Jasmine Cheung

Rugby union career
- Position(s): Prop

Senior career
- Years: Team / Apps / (Points)
- Valley RFC /  / (0)

International career
- Years: Team / Apps / (Points)
- 2015–2020: Hong Kong / ? / (0)

= Jasmine Cheung =

Hong Kong rugby union player

Jasmine Cheung Shuk-han is a former Hong Kong rugby union player. She competed for Hong Kong when they made their first Rugby World Cup appearance at the 2017 tournament .

== Rugby career ==
Cheung was named in Hong Kong's squad that toured Spain in a two-test match series in Madrid in 2015. She made her international debut against Spain in December 2015.

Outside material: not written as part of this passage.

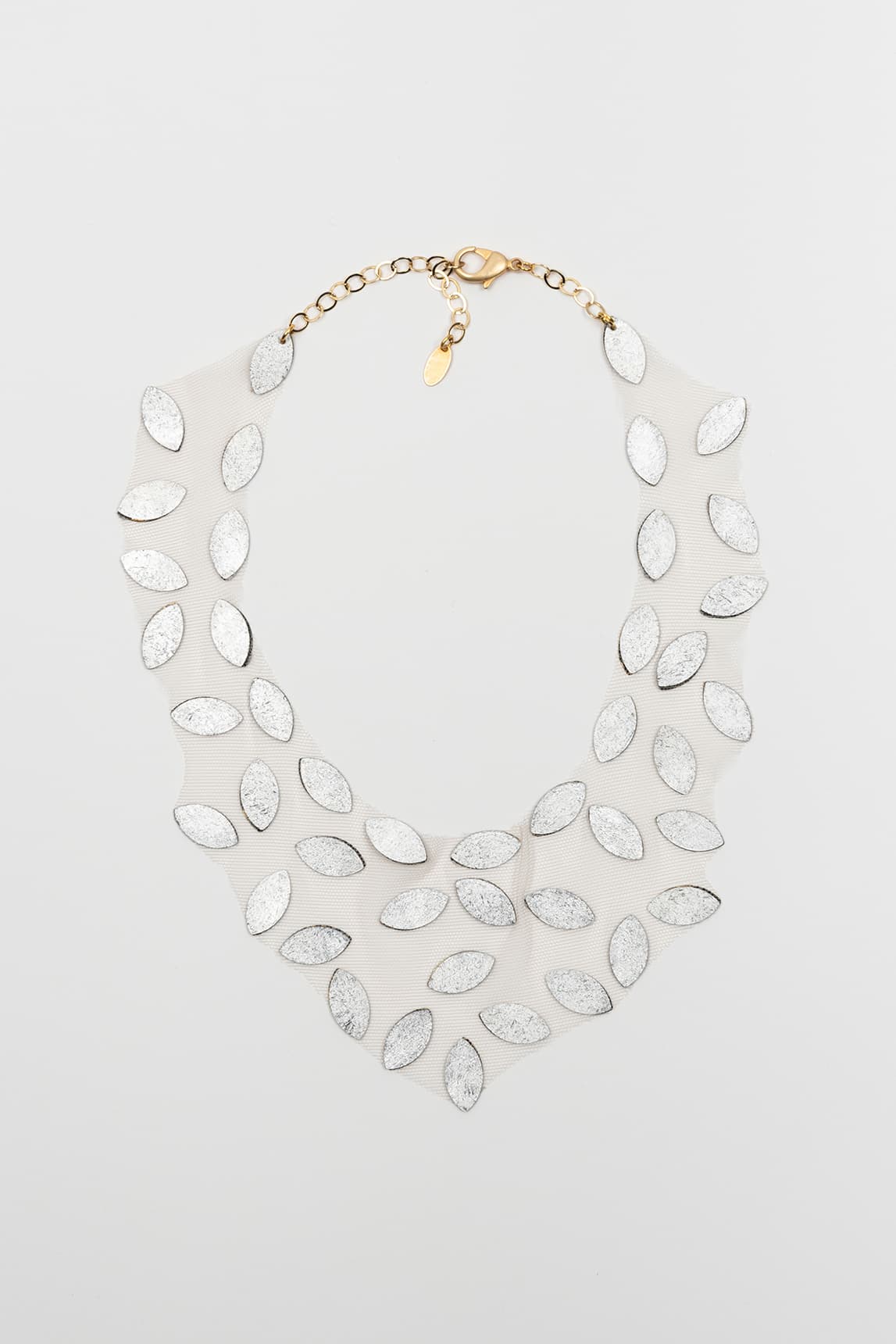 Collar tipo babero confeccionado sobre base de tul semitransparente en tono marfil, ligero y flexible. Está decorado con múltiples apliques metálicos en forma de hoja (almendrada) en acabado dorado texturizado, distribuidos por toda la pieza para crear un efecto de mosaico. Su diseño reversible permite llevarlo por un lado en acabado dorado y por el otro en acabado plateado, adaptándose fácilmente a distintos looks y estilos. Cierre superior con cadena extensible y mosquetón para ajustar al cuello.

In 2016, she featured for her club, HKRU Scorpions, against a touring Princeton A team at King's Park in Hong Kong; Her team scored ten tries to win 58–17. She was named in Hong Kong's training squad in preparation for their Rugby World Cup qualifiers matches against Fiji and Japan in 2016. She also featured in two training games against Kazakhstan as part of their preparation.

Cheung was selected in Hong Kong's historic squad who made their first Rugby World Cup appearance in 2017.

Cheung was called again into the national team for the 2019 Asia Pacific Championship against Fiji and Samoa. She made her last appearance for Hong Kong in 2020.

== Personal life ==
Cheung is a full-stack software engineer; she completed an intensive 12 weeks of Makers Academy. She attended the University of Exeter.